Activity: Write out, word for word, every line in the data below from the one containing "從內容找到要處理的影片,點開右上角清單找到「新增慢動作」。" to the one containing "Set of 4 light", both of them included.

Dataset records:
++++++++++
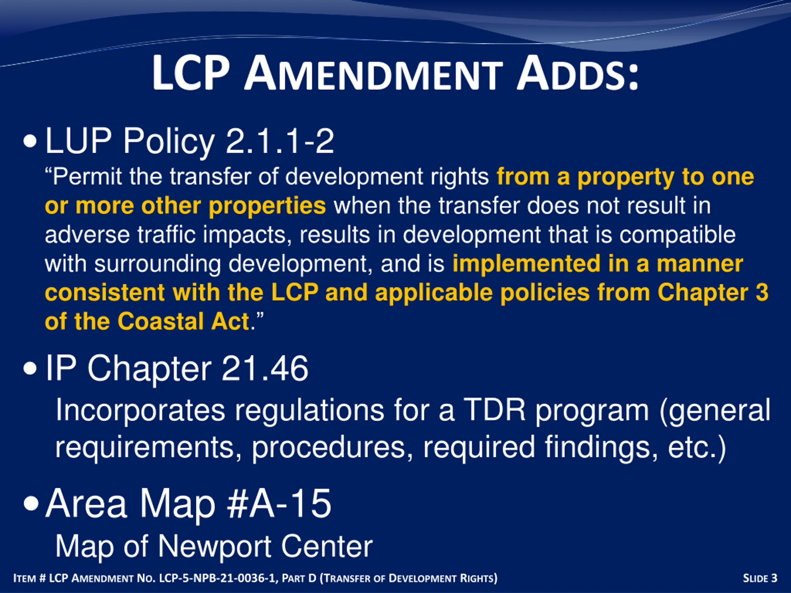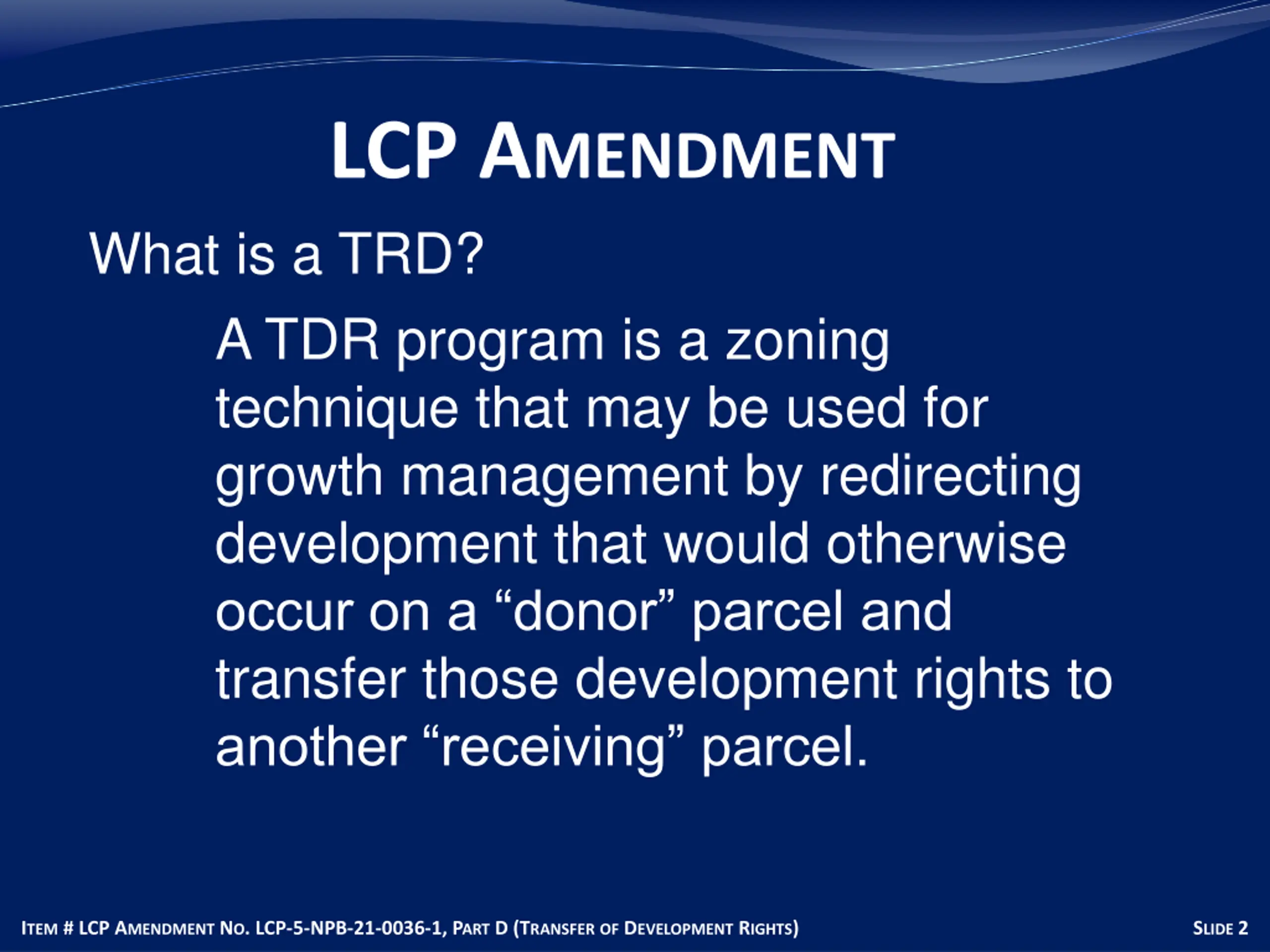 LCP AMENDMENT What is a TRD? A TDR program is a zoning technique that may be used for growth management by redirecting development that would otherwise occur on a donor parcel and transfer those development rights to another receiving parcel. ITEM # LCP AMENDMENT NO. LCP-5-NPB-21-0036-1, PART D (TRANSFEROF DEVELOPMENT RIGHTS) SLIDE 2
++++++++++
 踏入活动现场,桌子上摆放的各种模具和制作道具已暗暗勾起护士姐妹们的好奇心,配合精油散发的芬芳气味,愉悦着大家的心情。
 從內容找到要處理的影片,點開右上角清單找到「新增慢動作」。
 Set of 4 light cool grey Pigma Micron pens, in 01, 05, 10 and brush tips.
++++++++++
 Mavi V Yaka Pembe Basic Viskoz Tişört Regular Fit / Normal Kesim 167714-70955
++++++++++
Completed exercise:
 從內容找到要處理的影片,點開右上角清單找到「新增慢動作」。
 Set of 4 light cool grey Pigma Micron pens, in 01, 05, 10 and brush tips.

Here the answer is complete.